Putting it all together#

Now we’ll put these steps together into the MAP estimation algorithm. It’s very similar to what you implemented in Lab 2. It amounts to:

  • Initialize the residual \(\mathbf{R} = \mathbf{X} - \mathbf{U} \mathbf{C}^\top\)

  • Repeat until convergence:

    • For each neuron \(k=1,\ldots,K\):

      • Update the residual to \(\mathbf{R} = \mathbf{R} + \mathbf{u}_k \mathbf{c}_k^\top\)

      • Update the trace \(\mathbf{c}_k\) by applying your deconvolve function from Part 2a to the target \(\boldsymbol{\mu}_k = \mathbf{u}_k^\top \mathbf{R}\)

      • Update the footprint to \(\mathbf{u}_k = \frac{\mathbf{R} \mathbf{c}_k}{\|\mathbf{R} \mathbf{c}_k\|}\)

      • Downdate the residual to \(\mathbf{R} = \mathbf{R} - \mathbf{u}_k \mathbf{c}_k^\top\) using the new footprint and trace

    • Update the background:

      • Update the residual to \(\mathbf{R} = \mathbf{R} + \mathbf{u}_0 \mathbf{c}_0^\top\)

      • Set the background trace to \(\mathbf{c}_0 = \frac{\varsigma_0^2}{\sigma^2 + \varsigma_0^2} \mathbf{u}_0^\top \mathbf{R}\) where \(\varsigma_0^2\) is the prior variance of the background trace. (We will set it to be very large so that we barely shrink the background trace.)

      • Set the background footprint to \(\mathbf{u}_0 = \frac{\mathbf{R} \mathbf{c}_0}{\|\mathbf{R} \mathbf{c}_0\|}\)

      • Downdate the residual to \(\mathbf{R} = \mathbf{R} - \mathbf{u}_0 \mathbf{c}_0^\top\) using the new background footprint and trace.

    • Compute the log likelihood using the residual \(\mathbf{R}\)

def map_estimate(flat_data,
                 params,
                 hypers,
                 num_iters=10,
                 tol=2e-4):
    """Fit the CNMF model via coordinate ascent.
    """
    
    # make a fancy reusable progress bar for the inner loops over neurons.
    outer_pbar = trange(num_iters)
    inner_pbar = trange(hypers["num_neurons"])
    inner_pbar.set_description("updating neurons")

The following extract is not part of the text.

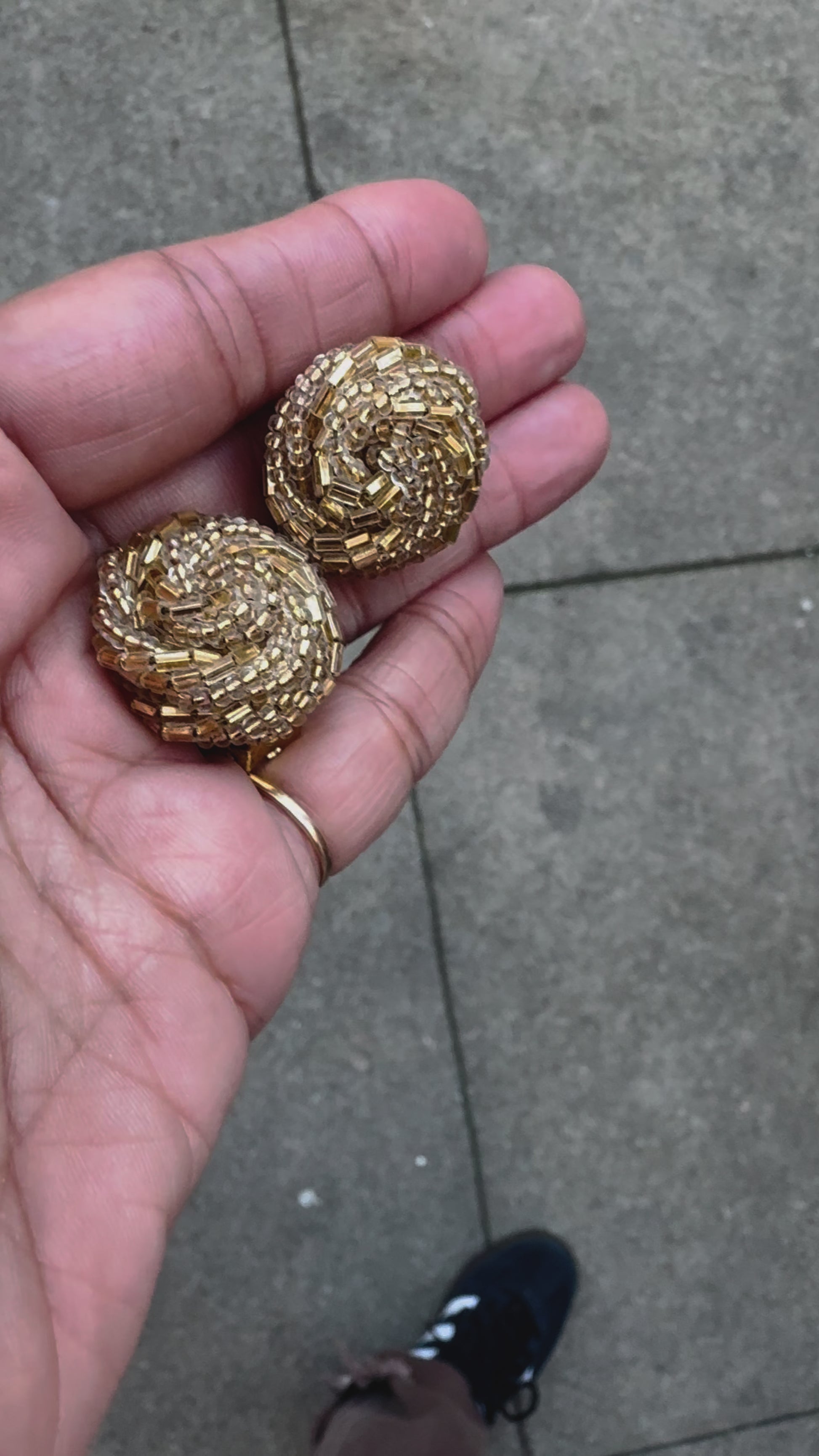 Crafted in Paris, France, these Vintage Beaded Swirl Button Clip-on Earrings feature clear glass and gold tone beads for a refined and versatile addition to any outfit. Experience a touch of old-world elegance with these stunning earrings.
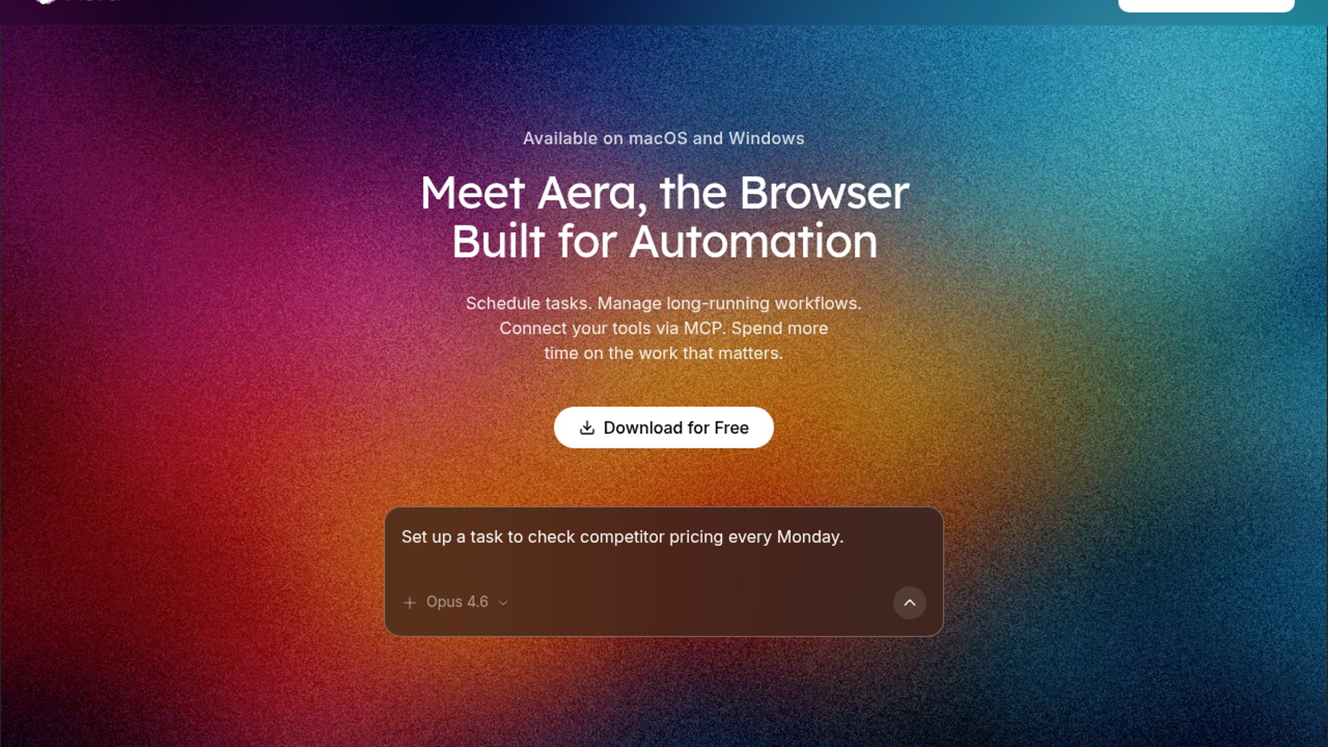 Aera Browser is a full browser with automation and MCP built in, designed to run recurring workflows across real sites instead of living as a sidebar chatbot. It clicks, types, navigates, and feeds results back into tools like Cursor and Claude Code.

    # initialize the residual
    residual = torch.clone(flat_data)
    residual -= params["footprints"].T @ params["traces"]
    residual -= torch.outer(params["bkgd_footprint"], params["bkgd_trace"])

    # track log likelihoods over iterations
    lls = [log_likelihood_residual(residual, hypers)]
    outer_pbar.set_description("LL: {:.4f}".format(lls[-1]))

    # coordinate ascent
    for itr in outer_pbar:
        
        # update neurons one at a time
        inner_pbar.reset()
        for k in range(hypers["num_neurons"]):
            # update the residual (add $u_k c_k^\top$)
            residual += torch.outer(params["footprints"][k], params["traces"][k])
    
            # update the trace and footprint with the residual
            params["traces"][k] = _update_trace(k, residual, params, hypers)
            params["footprints"][k] = _update_footprint(k, residual, params, hypers)
            
            # downdate the residual (subtract $u_k c_k^\top$)
            residual -= torch.outer(params["footprints"][k], params["traces"][k])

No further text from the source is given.